Using the middle point of the first 30 years period where the mean temperature exceeds 1.5°C

In [27]:
PA_start = Date("2016-11-01") # PA enters into force
inicio30 = findfirst(isequal(PA_start),tempnino.Dates)-179
fin30 = T + h - 180 # 15 years
datejoin30 = collect(PA_start-Month(179):Month(1):date_for[h-180])
meantemp30 = tempnino[inicio30:T, :Temp]
dummies30 = zeros(h, nsim)

for jj = 1:nsim
    completo = [meantemp30; matforecasts[:, jj]]
    for ii = 180:h
        dummies30[ii, jj] = mean(completo[ii-179:ii+180])

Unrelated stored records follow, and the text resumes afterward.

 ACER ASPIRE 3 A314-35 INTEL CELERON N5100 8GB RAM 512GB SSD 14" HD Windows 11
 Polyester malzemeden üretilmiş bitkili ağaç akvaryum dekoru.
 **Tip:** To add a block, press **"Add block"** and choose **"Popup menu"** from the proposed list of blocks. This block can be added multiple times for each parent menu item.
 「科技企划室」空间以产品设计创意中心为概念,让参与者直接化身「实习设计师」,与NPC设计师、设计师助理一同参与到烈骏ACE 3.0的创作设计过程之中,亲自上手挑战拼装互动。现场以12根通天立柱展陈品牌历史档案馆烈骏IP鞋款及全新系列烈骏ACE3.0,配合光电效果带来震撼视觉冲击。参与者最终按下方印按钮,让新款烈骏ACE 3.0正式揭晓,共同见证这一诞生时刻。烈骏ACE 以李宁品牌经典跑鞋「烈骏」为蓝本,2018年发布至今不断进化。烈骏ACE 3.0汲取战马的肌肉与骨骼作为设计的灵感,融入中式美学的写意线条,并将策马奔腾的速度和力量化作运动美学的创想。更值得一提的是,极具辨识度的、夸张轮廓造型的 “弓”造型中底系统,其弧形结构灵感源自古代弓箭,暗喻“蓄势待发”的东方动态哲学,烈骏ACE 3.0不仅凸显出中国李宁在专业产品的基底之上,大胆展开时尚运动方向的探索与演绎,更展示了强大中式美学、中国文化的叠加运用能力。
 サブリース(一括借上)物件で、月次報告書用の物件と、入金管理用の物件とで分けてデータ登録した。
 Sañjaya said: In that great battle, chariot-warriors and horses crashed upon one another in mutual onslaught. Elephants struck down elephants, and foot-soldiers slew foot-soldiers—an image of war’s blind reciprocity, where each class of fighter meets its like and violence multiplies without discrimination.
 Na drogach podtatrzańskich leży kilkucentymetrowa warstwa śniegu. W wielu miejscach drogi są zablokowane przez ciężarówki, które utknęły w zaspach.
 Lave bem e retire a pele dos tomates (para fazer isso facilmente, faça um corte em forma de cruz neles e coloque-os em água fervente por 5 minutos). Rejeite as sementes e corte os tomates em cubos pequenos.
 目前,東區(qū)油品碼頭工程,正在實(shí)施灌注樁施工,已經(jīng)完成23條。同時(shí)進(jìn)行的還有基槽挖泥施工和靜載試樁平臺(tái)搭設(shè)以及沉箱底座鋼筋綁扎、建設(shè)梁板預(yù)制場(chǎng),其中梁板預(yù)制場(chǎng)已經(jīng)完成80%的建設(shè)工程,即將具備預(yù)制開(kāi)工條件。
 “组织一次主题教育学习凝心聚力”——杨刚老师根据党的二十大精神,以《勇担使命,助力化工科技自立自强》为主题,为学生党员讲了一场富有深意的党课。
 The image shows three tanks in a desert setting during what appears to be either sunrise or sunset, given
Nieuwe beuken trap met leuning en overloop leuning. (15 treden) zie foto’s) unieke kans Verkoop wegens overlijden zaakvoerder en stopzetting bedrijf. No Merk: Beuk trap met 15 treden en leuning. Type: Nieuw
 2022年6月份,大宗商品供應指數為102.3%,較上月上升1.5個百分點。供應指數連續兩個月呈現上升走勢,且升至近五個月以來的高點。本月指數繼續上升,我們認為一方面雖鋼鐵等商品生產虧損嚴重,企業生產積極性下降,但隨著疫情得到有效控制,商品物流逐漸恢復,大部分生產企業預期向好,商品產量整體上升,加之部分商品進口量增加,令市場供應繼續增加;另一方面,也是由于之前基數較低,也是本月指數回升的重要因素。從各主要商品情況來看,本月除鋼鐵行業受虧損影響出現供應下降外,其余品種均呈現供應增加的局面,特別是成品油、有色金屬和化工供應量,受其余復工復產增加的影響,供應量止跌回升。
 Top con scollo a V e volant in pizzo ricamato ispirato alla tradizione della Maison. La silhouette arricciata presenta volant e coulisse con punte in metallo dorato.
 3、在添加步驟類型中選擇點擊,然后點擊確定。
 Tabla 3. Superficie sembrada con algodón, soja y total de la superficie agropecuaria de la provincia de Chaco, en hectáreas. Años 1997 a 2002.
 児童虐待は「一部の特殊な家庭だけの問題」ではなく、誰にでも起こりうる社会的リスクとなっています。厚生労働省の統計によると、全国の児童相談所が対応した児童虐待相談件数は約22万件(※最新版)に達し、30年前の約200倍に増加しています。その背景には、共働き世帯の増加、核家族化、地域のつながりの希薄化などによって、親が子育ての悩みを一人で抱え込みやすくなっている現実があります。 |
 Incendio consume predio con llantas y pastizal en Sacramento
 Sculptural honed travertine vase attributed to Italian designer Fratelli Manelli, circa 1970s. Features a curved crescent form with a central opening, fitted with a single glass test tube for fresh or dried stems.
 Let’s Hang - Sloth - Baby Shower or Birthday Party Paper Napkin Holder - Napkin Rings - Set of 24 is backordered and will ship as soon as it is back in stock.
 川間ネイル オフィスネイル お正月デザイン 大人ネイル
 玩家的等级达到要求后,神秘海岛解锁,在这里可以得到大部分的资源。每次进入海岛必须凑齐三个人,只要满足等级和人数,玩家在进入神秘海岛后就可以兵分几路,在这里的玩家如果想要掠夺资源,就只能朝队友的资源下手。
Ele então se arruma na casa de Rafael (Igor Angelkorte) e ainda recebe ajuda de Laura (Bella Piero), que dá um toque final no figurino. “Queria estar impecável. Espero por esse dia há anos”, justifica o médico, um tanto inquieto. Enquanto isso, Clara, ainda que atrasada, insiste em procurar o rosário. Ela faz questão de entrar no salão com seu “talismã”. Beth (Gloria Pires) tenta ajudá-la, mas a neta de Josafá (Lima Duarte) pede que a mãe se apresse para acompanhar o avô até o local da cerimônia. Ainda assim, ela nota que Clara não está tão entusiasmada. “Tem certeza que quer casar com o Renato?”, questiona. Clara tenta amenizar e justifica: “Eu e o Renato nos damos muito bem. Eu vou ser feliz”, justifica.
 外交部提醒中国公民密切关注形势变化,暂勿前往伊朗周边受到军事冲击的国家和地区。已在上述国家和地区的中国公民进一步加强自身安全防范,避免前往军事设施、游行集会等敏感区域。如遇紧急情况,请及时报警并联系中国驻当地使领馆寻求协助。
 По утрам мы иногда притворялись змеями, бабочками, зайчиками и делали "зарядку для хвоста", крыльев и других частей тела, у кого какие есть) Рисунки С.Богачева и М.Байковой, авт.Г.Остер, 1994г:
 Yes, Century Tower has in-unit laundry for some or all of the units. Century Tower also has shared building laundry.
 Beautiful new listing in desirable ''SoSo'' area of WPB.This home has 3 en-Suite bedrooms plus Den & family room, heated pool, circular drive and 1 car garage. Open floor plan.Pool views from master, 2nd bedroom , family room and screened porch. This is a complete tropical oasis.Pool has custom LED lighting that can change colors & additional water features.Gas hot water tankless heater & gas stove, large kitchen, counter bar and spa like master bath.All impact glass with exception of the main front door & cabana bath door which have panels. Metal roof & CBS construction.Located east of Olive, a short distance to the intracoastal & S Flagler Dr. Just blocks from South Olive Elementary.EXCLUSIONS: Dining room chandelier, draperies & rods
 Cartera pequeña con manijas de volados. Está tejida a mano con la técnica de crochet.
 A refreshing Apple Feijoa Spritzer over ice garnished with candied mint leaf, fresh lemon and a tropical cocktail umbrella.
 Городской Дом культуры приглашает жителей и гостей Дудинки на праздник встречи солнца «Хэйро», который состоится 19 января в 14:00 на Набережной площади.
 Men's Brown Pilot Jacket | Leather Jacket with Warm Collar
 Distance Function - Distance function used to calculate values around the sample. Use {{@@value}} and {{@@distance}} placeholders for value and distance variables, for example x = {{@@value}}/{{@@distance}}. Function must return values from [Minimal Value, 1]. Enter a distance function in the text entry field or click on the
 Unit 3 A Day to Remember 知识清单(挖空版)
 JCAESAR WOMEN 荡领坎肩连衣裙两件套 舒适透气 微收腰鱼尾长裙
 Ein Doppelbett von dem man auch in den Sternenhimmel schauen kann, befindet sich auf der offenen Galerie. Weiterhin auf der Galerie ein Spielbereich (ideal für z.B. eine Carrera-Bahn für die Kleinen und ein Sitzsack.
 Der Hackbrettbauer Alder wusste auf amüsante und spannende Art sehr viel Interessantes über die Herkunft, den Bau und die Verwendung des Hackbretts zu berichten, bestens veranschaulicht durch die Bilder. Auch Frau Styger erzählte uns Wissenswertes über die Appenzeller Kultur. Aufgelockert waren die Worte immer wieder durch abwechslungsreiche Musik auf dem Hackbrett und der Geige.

pa15_30 = mean(dummies30[:, :] .>= 1.5, dims=2);
pa20_30 = mean(dummies30[:, :] .>= 2, dims=2);

Updating table with the results for the 30 years period.

In [28]:
push!(results_probabilities, ["Above 1%, 30-years avg.", datejoin[findfirst(pa15_30 .> 0.01)], datejoin[findfirst(pa20_30 .> 0.01)]])
push!(results_probabilities, ["Above 50%, 30-years avg.", datejoin[findfirst(pa15_30 .>= 0.5)], datejoin[findfirst(pa20_30 .>= 0.5)]])
push!(results_probabilities, ["Above 99%, 30-years avg.", datejoin[findfirst(pa15_30 .>= 0.99)], datejoin[findfirst(pa20_30 .>= 0.99)]])
6×3 DataFrame
Row Probability level and period 1.5°C Threshold 2°C Threshold
String Date Date
1 Above 1%, 20-years avg. 2024-11-01 2044-06-01
2 Above 50%, 20-years avg. 2028-08-01 2053-08-01
3 Above 99%, 20-years avg. 2036-09-01 2063-01-01
4 Above 1%, 30-years avg. 2030-10-01 2049-05-01
5 Above 50%, 30-years avg. 2033-12-01 2058-08-01
6 Above 99%, 30-years avg. 2040-11-01 2068-03-01

Saving the results to a csv file.

In [29]:
CSV.write("tables/ResultsBerkeley.csv", results_probabilities)

Full table with the results.

In [30]:
6×3 DataFrame
Row Probability level and period 1.5°C Threshold 2°C Threshold
String Date Date
1 Above 1%, 20-years avg. 2024-11-01 2044-06-01
2 Above 50%, 20-years avg. 2028-08-01 2053-08-01
3 Above 99%, 20-years avg. 2036-09-01 2063-01-01
4 Above 1%, 30-years avg. 2030-10-01 2049-05-01
5 Above 50%, 30-years avg. 2033-12-01 2058-08-01
6 Above 99%, 30-years avg. 2040-11-01 2068-03-01
Table 1: Months to breach the 1.5°C and 2°C thresholds for the Berkeley Earth temperature anomalies at a given probability level.
Rohde, Robert A, and Zeke Hausfather. 2020. “The Berkeley Earth Land/Ocean Temperature Record.” Earth System Science Data 12 (4): 3469–79.